## DATA SHOWN
----------------

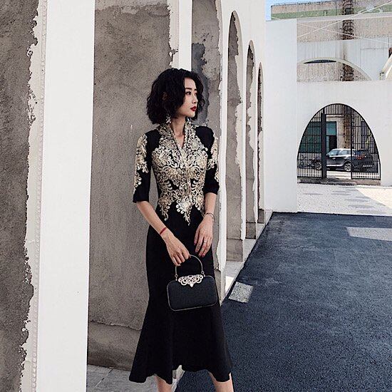 結婚式ドレス 五分袖 マーメイド スリム 刺繍 ミモレ丈 ハイウエスト 発表会 演奏会 レディース 結婚式 ステージ衣装 エレガント ウエディングドレス カラードレス イブニングドレス
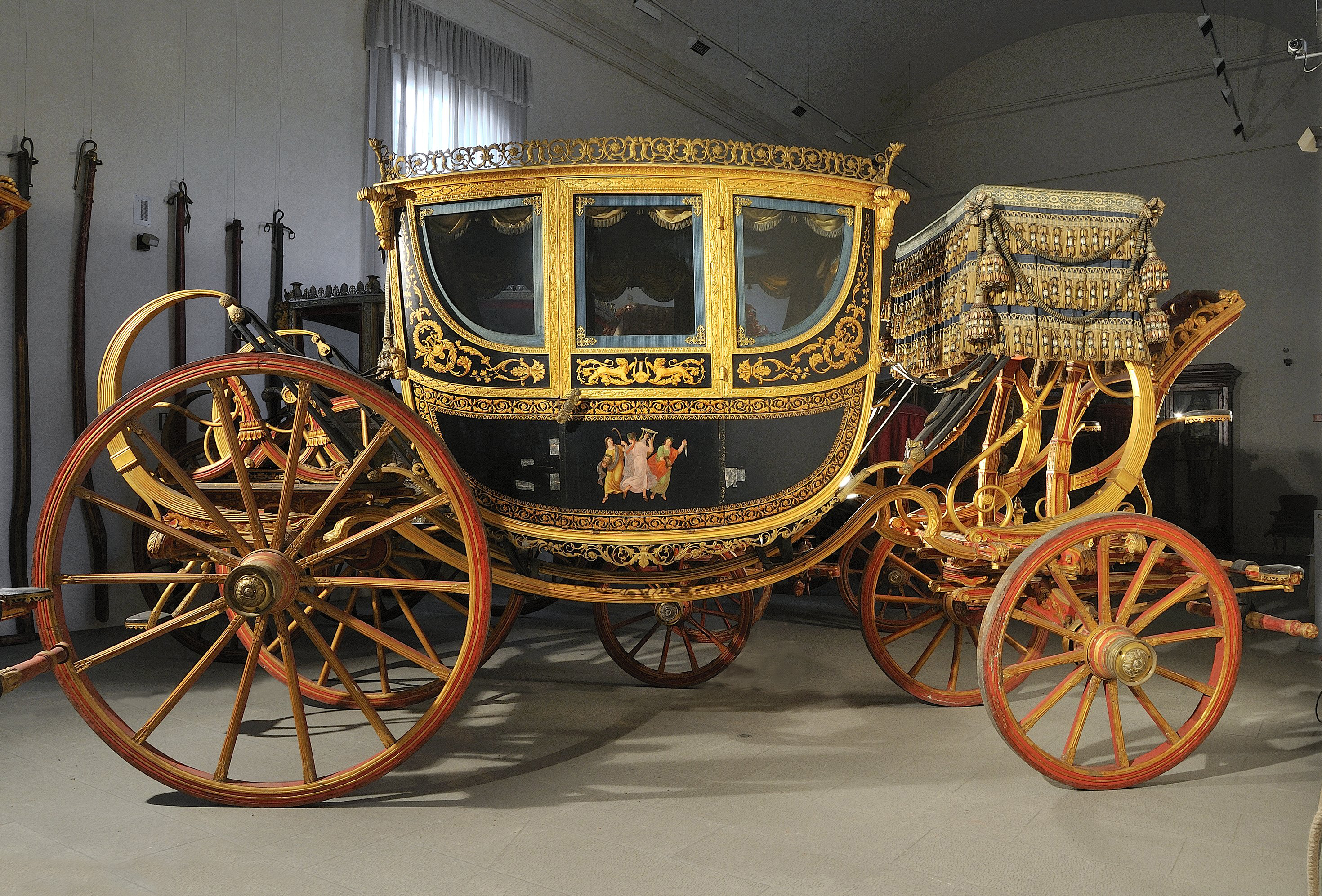 This Grand Gala Berlin was the first in a series of five Berlin carriages made for Ferdinand III and dates back to 1817. The doors, back and front of the coach are decorated with portraits of members of the Medici and Lorraine families. Depicted in carriages, Lorenzo the Magnificent, Cosimo I and Cosimo II de’ Medici appear alongside personages from their periods: Agnolo Poliziano, Giorgio Vasari and Galileo Galilei, while the allegories of Abundance and Trade are associated with Grand Duke of Tuscany Peter Leopold. After the Congress of Vienna (1814-1815), which restored the European monarchs deposed by Napoleon, this choice of iconography was intended to stress the cultural, political and historic continuity of the two grand ducal dynasties, wiping away the memory of the Kingdom of Etruria, founded under Bonaparte.
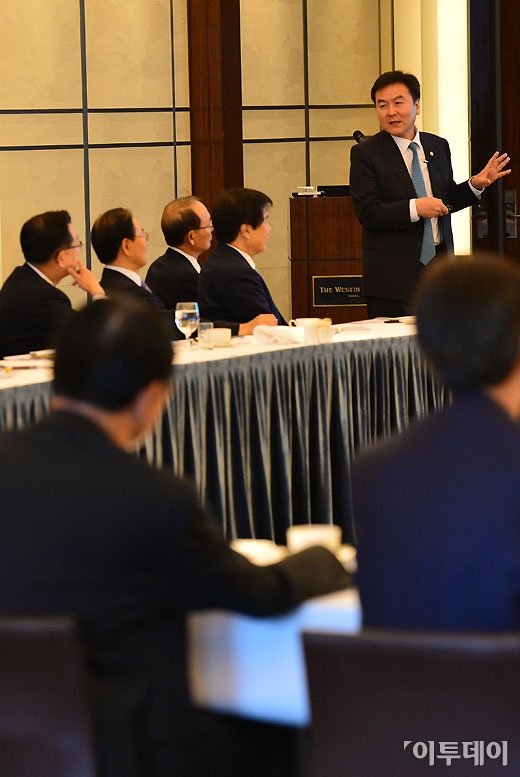 신제윤 금융위원장이 22일 서울 소공동 웨스틴 조선호텔에서 열린 서울IB포럼에 참석해 최근 금융 현안에 대해 강연하고 있다. 양지웅 기자 yangdoo@

----------------

## REQUIRED ACTION
The material should be duplicated word for word, with no images included.

## RESPONSE TO THE TASK
 結婚式ドレス 五分袖 マーメイド スリム 刺繍 ミモレ丈 ハイウエスト 発表会 演奏会 レディース 結婚式 ステージ衣装 エレガント ウエディングドレス カラードレス イブニングドレス
 This Grand Gala Berlin was the first in a series of five Berlin carriages made for Ferdinand III and dates back to 1817. The doors, back and front of the coach are decorated with portraits of members of the Medici and Lorraine families. Depicted in carriages, Lorenzo the Magnificent, Cosimo I and Cosimo II de’ Medici appear alongside personages from their periods: Agnolo Poliziano, Giorgio Vasari and Galileo Galilei, while the allegories of Abundance and Trade are associated with Grand Duke of Tuscany Peter Leopold. After the Congress of Vienna (1814-1815), which restored the European monarchs deposed by Napoleon, this choice of iconography was intended to stress the cultural, political and historic continuity of the two grand ducal dynasties, wiping away the memory of the Kingdom of Etruria, founded under Bonaparte.
 신제윤 금융위원장이 22일 서울 소공동 웨스틴 조선호텔에서 열린 서울IB포럼에 참석해 최근 금융 현안에 대해 강연하고 있다. 양지웅 기자 yangdoo@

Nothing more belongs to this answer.